- _What to do_: Exact reproduction of the data is required, with images excluded.

- _Exercise data_:

↓↓↓

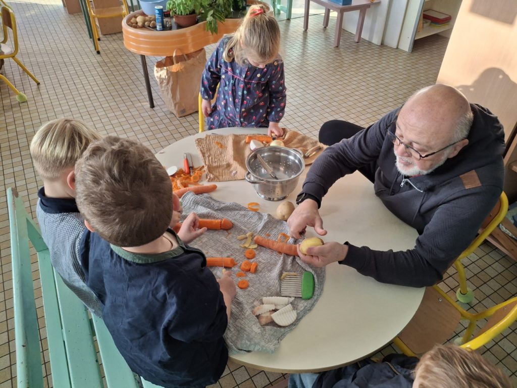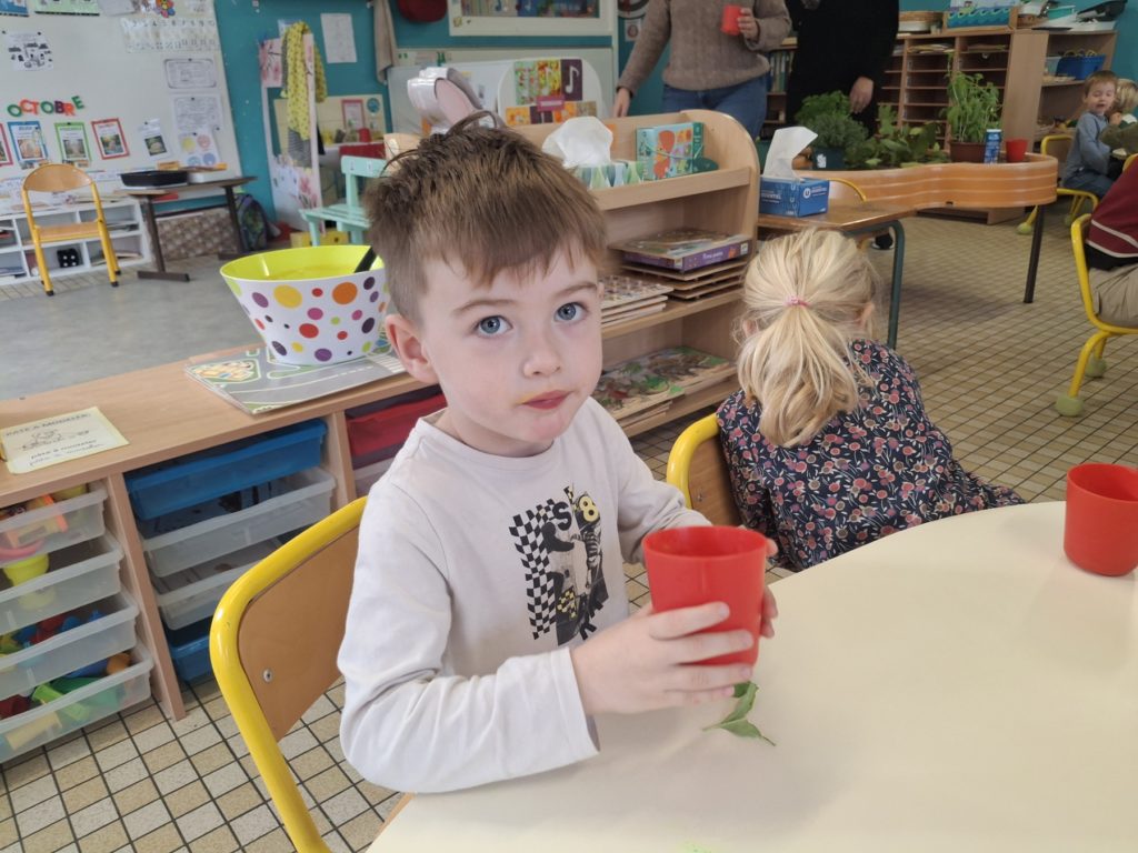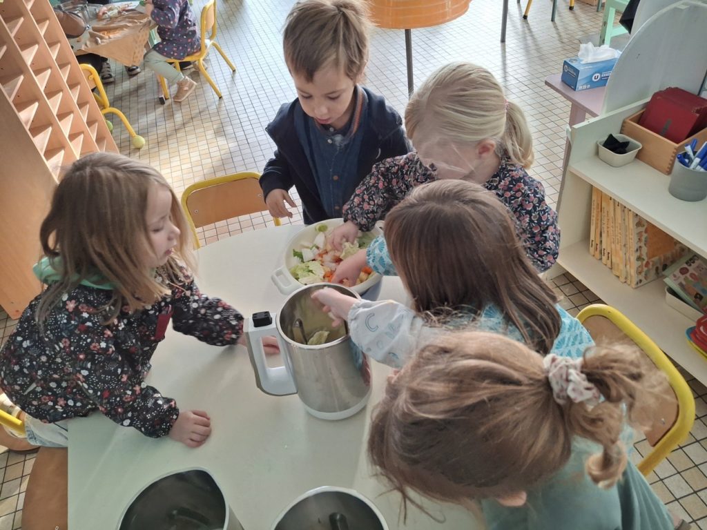 La semaine du goût : réalisation d’une soupe aux légumes aromatisée aux 4 herbes.
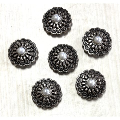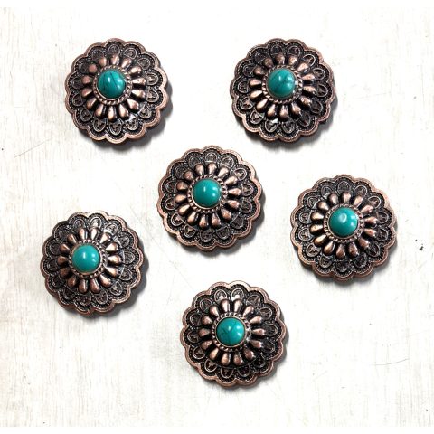 Add a touch of Western elegance to your saddle or leather projects with this premium 6-pack of decorative conchos. Each 2-inch concho features an intricately detailed swirl pattern centerpiece surrounded by alternating copper-toned beads and amber-colored crystal accents. The antique silver finish gives these conchos a classic, timeless appeal that perfectly complements Western-style leather goods. Made from durable stainless steel, these conchos come complete with matching screws for secure attachment.
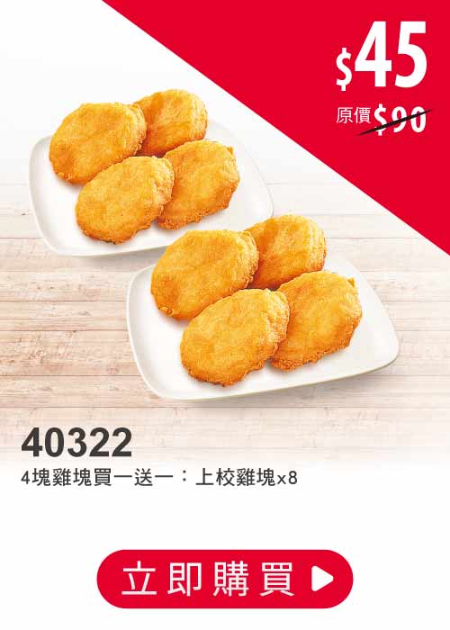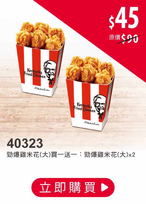 ▼除了新品到以外,全台門市也有優惠碼【40322】、【40323】享4塊雞塊、雞米花(大)買一送一的優惠,以及12/20前線上預訂快取買XL套餐可以1元加購蛋撻的優惠,這個月先怒吃一波肯德基囉!
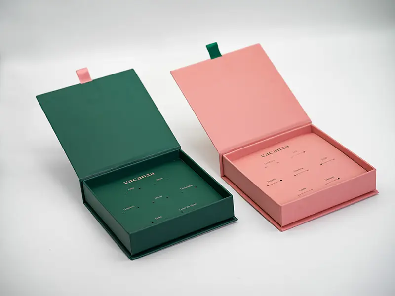 Get in touch with us right now to go over your options for custom size, insert design, printing, and branding, and allow us to develop the ideal luxury earring storage box for you!

↑↑↑

- _Answer to the problem_:
 La semaine du goût : réalisation d’une soupe aux légumes aromatisée aux 4 herbes.
 Add a touch of Western elegance to your saddle or leather projects with this premium 6-pack of decorative conchos. Each 2-inch concho features an intricately detailed swirl pattern centerpiece surrounded by alternating copper-toned beads and amber-colored crystal accents. The antique silver finish gives these conchos a classic, timeless appeal that perfectly complements Western-style leather goods. Made from durable stainless steel, these conchos come complete with matching screws for secure attachment.
 ▼除了新品到以外,全台門市也有優惠碼【40322】、【40323】享4塊雞塊、雞米花(大)買一送一的優惠,以及12/20前線上預訂快取買XL套餐可以1元加購蛋撻的優惠,這個月先怒吃一波肯德基囉!
 Get in touch with us right now to go over your options for custom size, insert design, printing, and branding, and allow us to develop the ideal luxury earring storage box for you!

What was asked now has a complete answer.